*** INFORMATION Section Begins ***
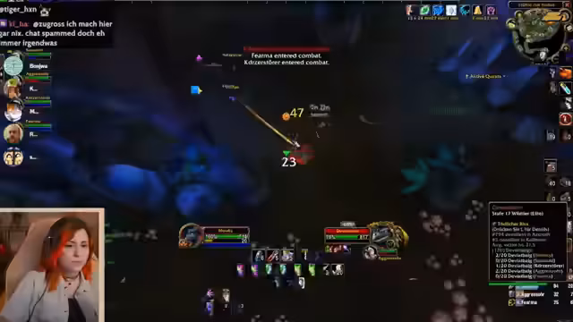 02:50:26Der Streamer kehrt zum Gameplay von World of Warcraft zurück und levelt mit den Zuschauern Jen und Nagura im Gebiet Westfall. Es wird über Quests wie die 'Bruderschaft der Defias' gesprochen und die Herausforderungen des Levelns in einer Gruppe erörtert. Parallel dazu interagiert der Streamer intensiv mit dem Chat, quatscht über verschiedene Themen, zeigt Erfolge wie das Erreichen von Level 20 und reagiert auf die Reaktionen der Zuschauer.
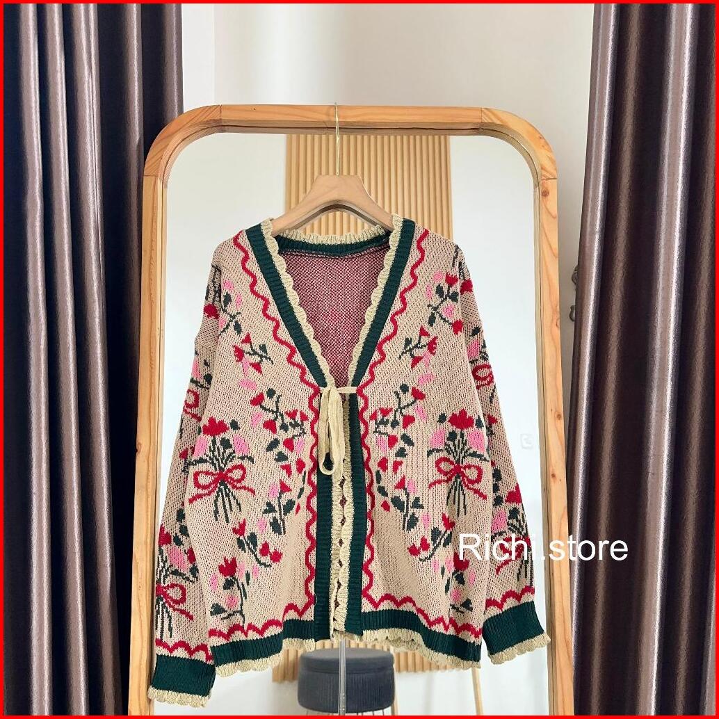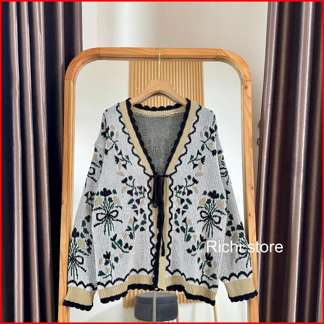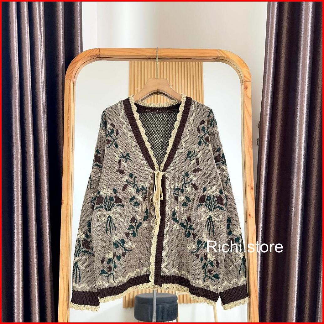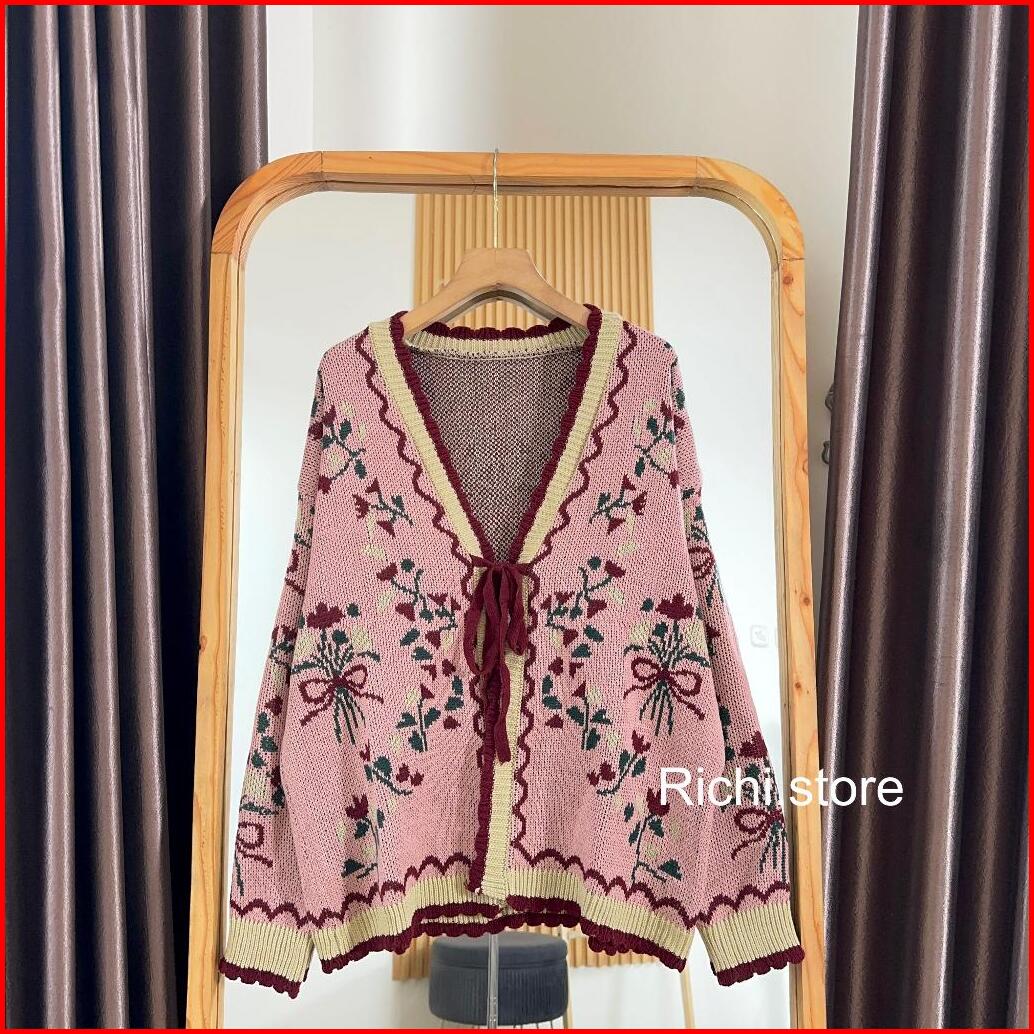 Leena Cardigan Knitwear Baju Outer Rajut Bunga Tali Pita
*** INFORMATION Section Ends ***
*** INFORMATION Section Begins ***
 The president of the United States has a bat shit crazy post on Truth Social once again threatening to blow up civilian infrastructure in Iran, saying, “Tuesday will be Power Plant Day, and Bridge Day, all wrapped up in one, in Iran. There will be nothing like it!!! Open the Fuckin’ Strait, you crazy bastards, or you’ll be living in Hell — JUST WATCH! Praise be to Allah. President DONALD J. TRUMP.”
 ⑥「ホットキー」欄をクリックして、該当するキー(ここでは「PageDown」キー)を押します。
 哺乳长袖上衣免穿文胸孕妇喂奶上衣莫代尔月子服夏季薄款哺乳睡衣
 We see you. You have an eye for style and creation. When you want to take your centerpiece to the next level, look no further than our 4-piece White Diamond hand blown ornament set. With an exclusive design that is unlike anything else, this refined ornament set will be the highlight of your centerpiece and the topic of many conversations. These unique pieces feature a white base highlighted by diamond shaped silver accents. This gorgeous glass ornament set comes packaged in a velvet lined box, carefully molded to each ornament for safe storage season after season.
*** INFORMATION Section Ends ***
Take the material above from the line containing "02:50:26Der Streamer kehrt" up to and including the line containing "Leena Cardigan Knitwear" and retype it exactly, without any pictures.

PROBLEM SOLUTION >>
 02:50:26Der Streamer kehrt zum Gameplay von World of Warcraft zurück und levelt mit den Zuschauern Jen und Nagura im Gebiet Westfall. Es wird über Quests wie die 'Bruderschaft der Defias' gesprochen und die Herausforderungen des Levelns in einer Gruppe erörtert. Parallel dazu interagiert der Streamer intensiv mit dem Chat, quatscht über verschiedene Themen, zeigt Erfolge wie das Erreichen von Level 20 und reagiert auf die Reaktionen der Zuschauer.
 Leena Cardigan Knitwear Baju Outer Rajut Bunga Tali Pita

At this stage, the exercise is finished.